Items from a dataset —
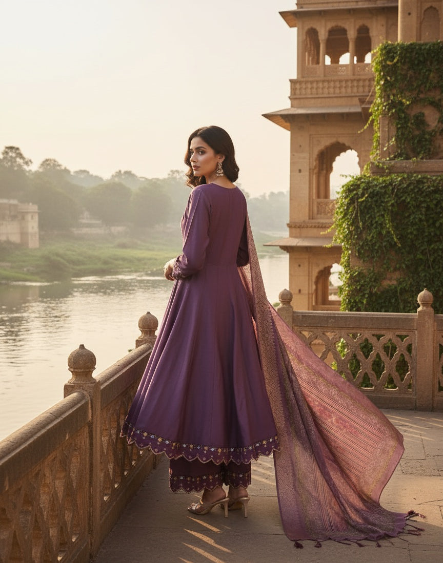 Exquisite Cotton Silk Flared Suit
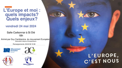 Le territoire de St Dié vous invite le vendredi 24 mai pour une soirée d'échanges autour de nos questionnements vis-à-vis de l'Europe et la façon dont nous sommes acteurs dans la construction européenne.
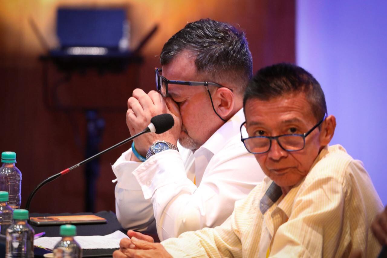 Gustavo Arbeláez limpiando sus lágrimas. A la derecha Edgar López "Pacho chino". Foto: JEP.
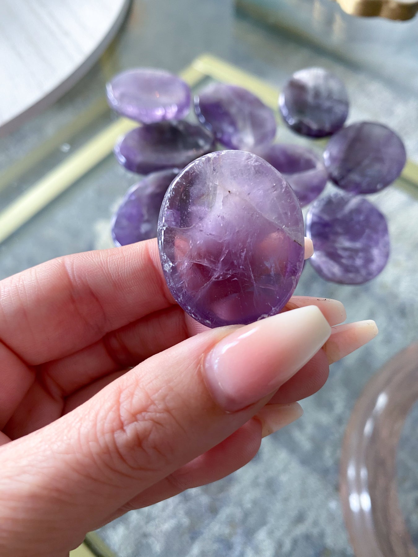 ★★★★★Absolutely stunning. My new favorite palm stone. Brings me ínstense calming and peaceful sensations.
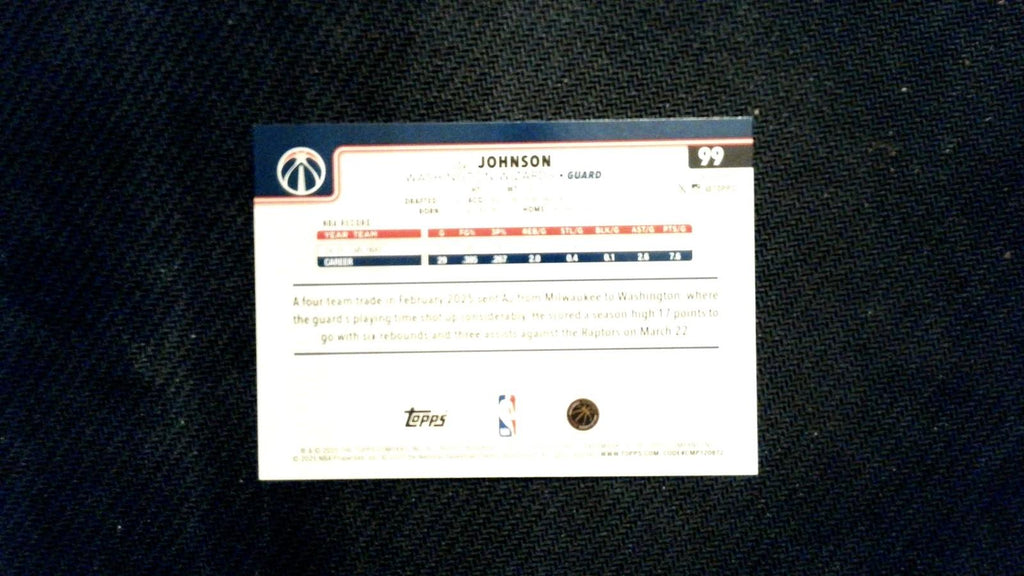 This is a nice example of a 2025-26 Topps #99 AJ Johnson Team Color Border.

PROBLEM TO SOLVE — Your reply must hold only the lines from the line containing "and peaceful sensations." through the end of the records above, written out exactly, both ends included, with no pictures, please.

EXERCISE OUTPUT —
 ★★★★★Absolutely stunning. My new favorite palm stone. Brings me ínstense calming and peaceful sensations.
 This is a nice example of a 2025-26 Topps #99 AJ Johnson Team Color Border.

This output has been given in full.